_WORK TO COMPLETE_: Transcribe the listing underneath, keeping each word exact and omitting the images.

_PROVIDED MATERIAL_:
******************************

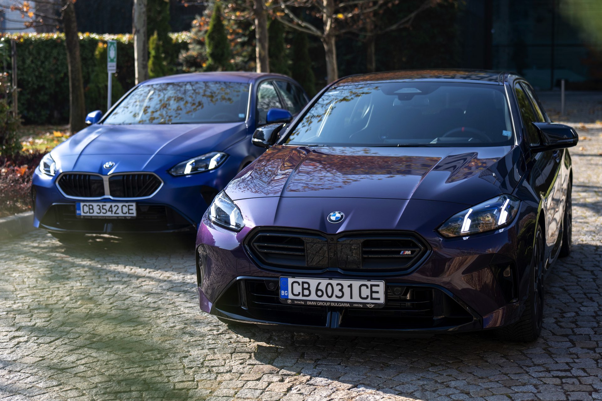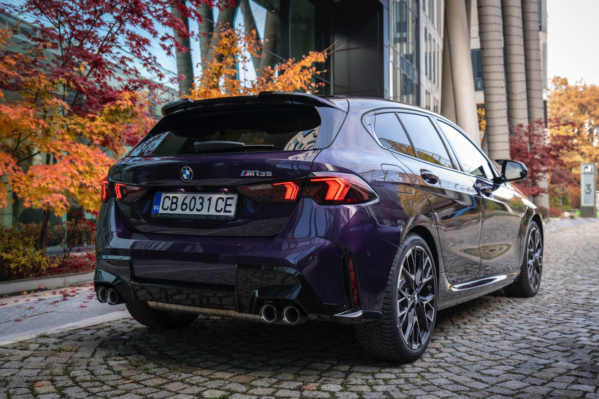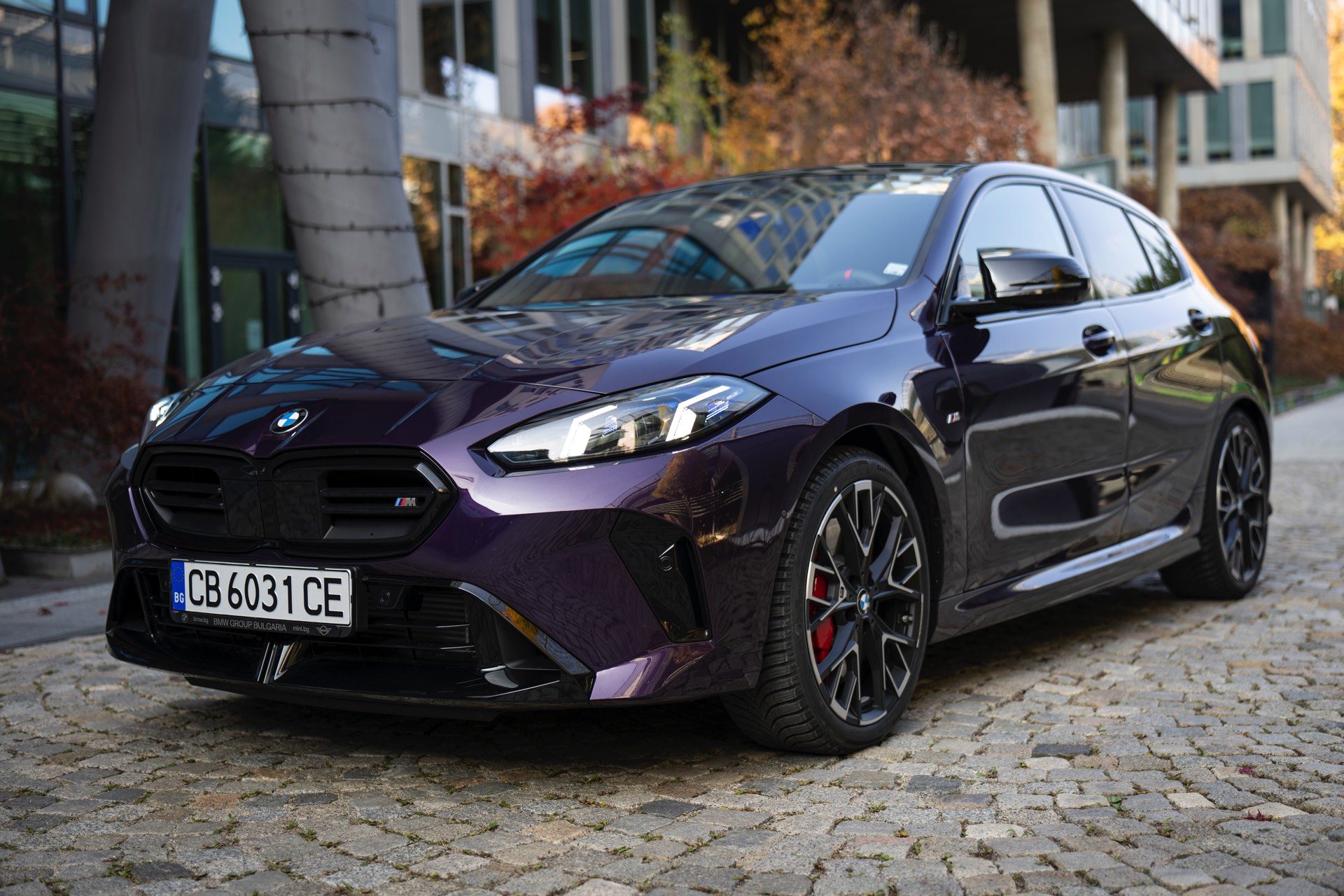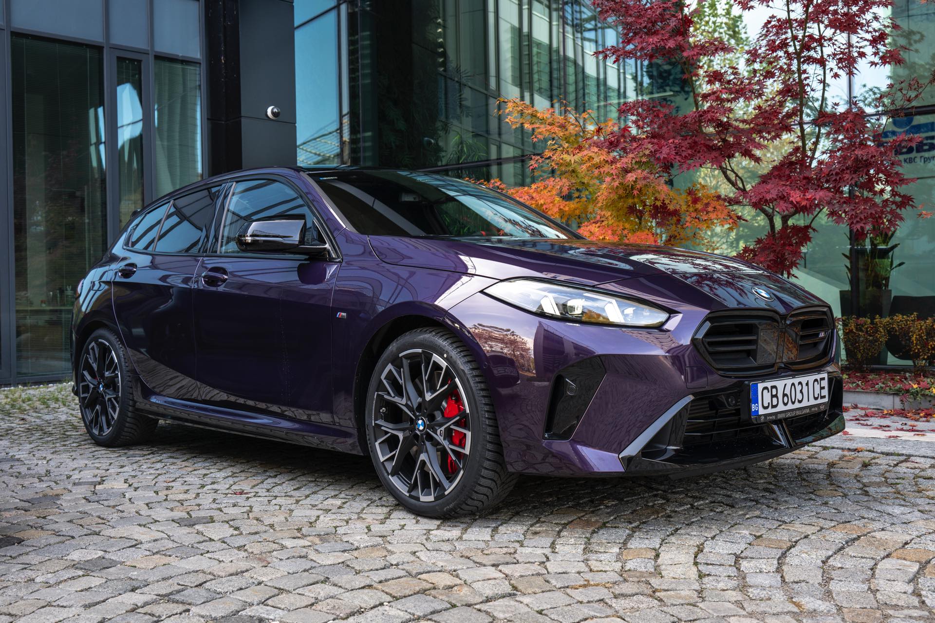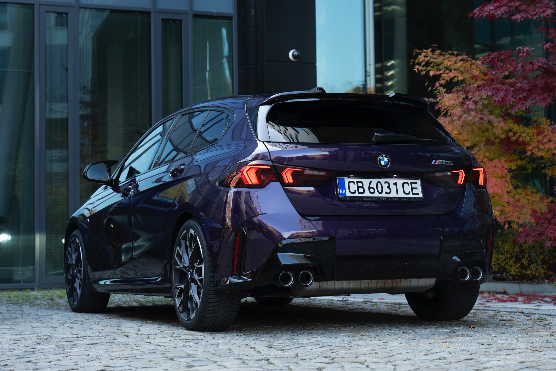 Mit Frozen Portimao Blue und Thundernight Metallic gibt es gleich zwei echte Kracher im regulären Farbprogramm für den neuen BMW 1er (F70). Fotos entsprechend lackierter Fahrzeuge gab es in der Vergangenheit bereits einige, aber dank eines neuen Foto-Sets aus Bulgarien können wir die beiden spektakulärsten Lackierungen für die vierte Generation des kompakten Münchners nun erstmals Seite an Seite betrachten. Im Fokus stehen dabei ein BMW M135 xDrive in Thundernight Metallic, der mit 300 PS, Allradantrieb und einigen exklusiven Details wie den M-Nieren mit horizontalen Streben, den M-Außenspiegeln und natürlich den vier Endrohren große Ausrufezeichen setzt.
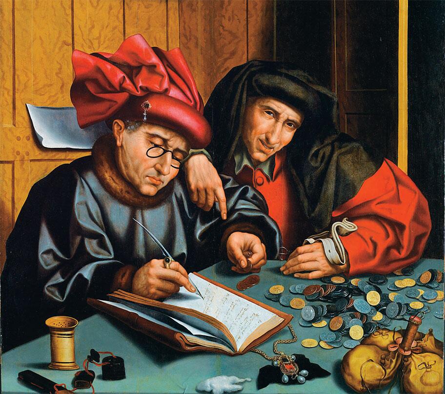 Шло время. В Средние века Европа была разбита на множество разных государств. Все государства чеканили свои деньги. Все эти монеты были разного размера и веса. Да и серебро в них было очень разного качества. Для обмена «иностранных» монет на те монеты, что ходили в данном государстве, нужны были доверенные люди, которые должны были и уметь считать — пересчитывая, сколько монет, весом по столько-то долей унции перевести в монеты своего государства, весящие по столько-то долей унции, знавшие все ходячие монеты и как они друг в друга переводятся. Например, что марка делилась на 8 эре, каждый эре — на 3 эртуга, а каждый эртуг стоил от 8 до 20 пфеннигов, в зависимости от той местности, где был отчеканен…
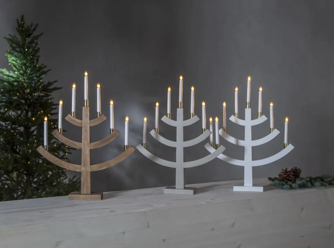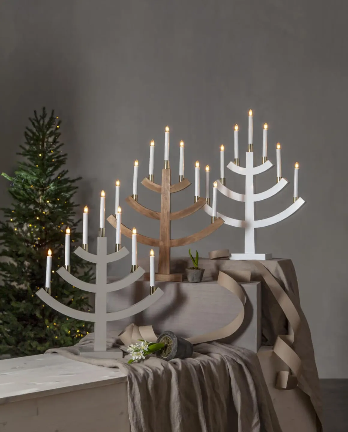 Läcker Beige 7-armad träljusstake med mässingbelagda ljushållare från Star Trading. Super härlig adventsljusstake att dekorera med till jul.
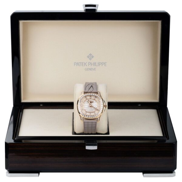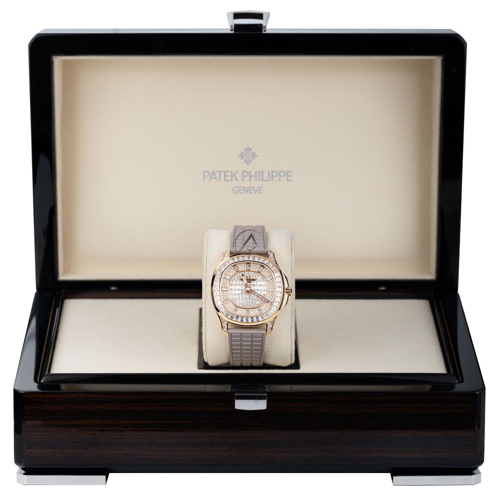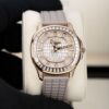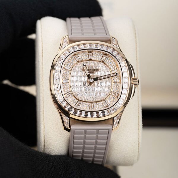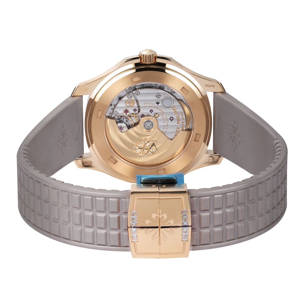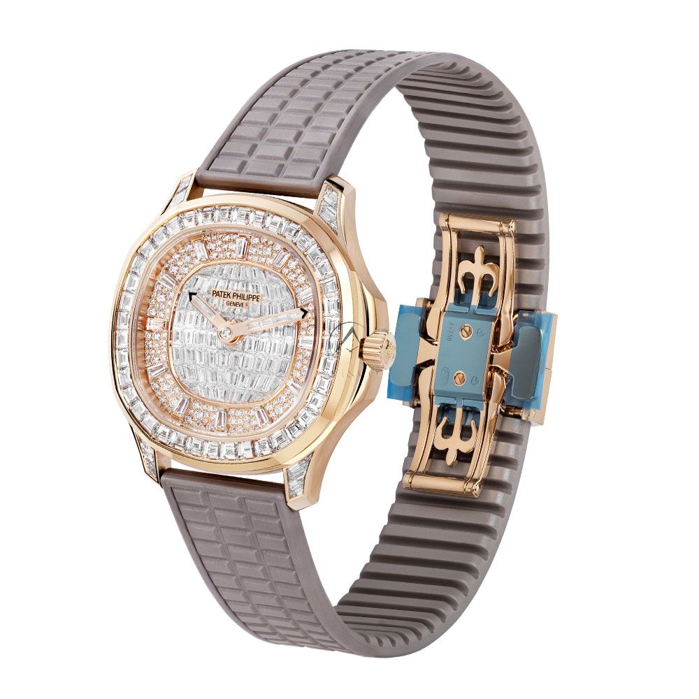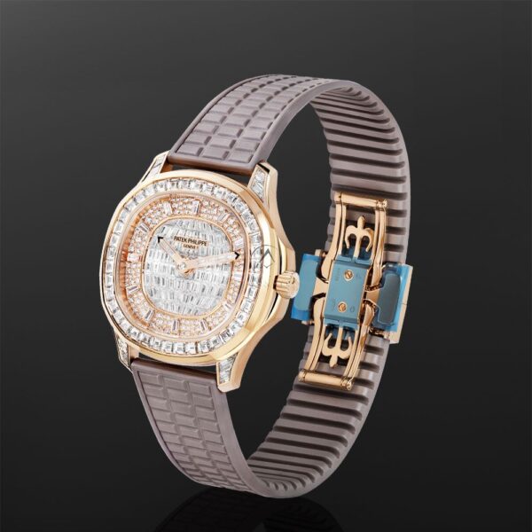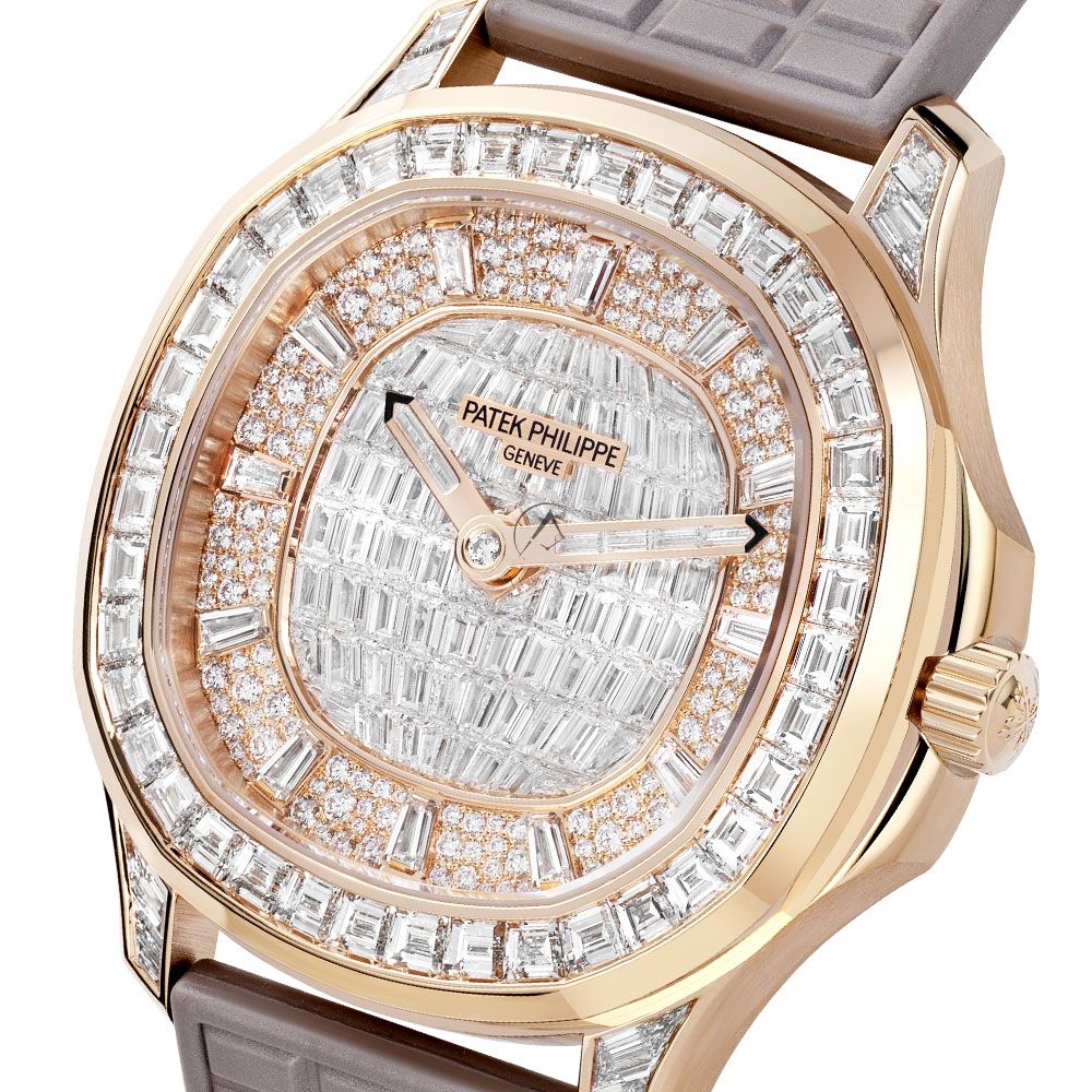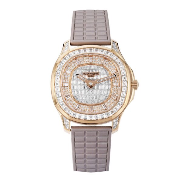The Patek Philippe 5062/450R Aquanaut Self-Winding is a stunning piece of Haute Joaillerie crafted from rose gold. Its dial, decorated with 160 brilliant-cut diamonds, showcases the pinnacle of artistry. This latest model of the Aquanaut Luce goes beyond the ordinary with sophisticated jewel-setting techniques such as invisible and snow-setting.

******************************

_SOLUTION TO THIS PROBLEM_:
 Mit Frozen Portimao Blue und Thundernight Metallic gibt es gleich zwei echte Kracher im regulären Farbprogramm für den neuen BMW 1er (F70). Fotos entsprechend lackierter Fahrzeuge gab es in der Vergangenheit bereits einige, aber dank eines neuen Foto-Sets aus Bulgarien können wir die beiden spektakulärsten Lackierungen für die vierte Generation des kompakten Münchners nun erstmals Seite an Seite betrachten. Im Fokus stehen dabei ein BMW M135 xDrive in Thundernight Metallic, der mit 300 PS, Allradantrieb und einigen exklusiven Details wie den M-Nieren mit horizontalen Streben, den M-Außenspiegeln und natürlich den vier Endrohren große Ausrufezeichen setzt.
 Шло время. В Средние века Европа была разбита на множество разных государств. Все государства чеканили свои деньги. Все эти монеты были разного размера и веса. Да и серебро в них было очень разного качества. Для обмена «иностранных» монет на те монеты, что ходили в данном государстве, нужны были доверенные люди, которые должны были и уметь считать — пересчитывая, сколько монет, весом по столько-то долей унции перевести в монеты своего государства, весящие по столько-то долей унции, знавшие все ходячие монеты и как они друг в друга переводятся. Например, что марка делилась на 8 эре, каждый эре — на 3 эртуга, а каждый эртуг стоил от 8 до 20 пфеннигов, в зависимости от той местности, где был отчеканен…
 Läcker Beige 7-armad träljusstake med mässingbelagda ljushållare från Star Trading. Super härlig adventsljusstake att dekorera med till jul.
The Patek Philippe 5062/450R Aquanaut Self-Winding is a stunning piece of Haute Joaillerie crafted from rose gold. Its dial, decorated with 160 brilliant-cut diamonds, showcases the pinnacle of artistry. This latest model of the Aquanaut Luce goes beyond the ordinary with sophisticated jewel-setting techniques such as invisible and snow-setting.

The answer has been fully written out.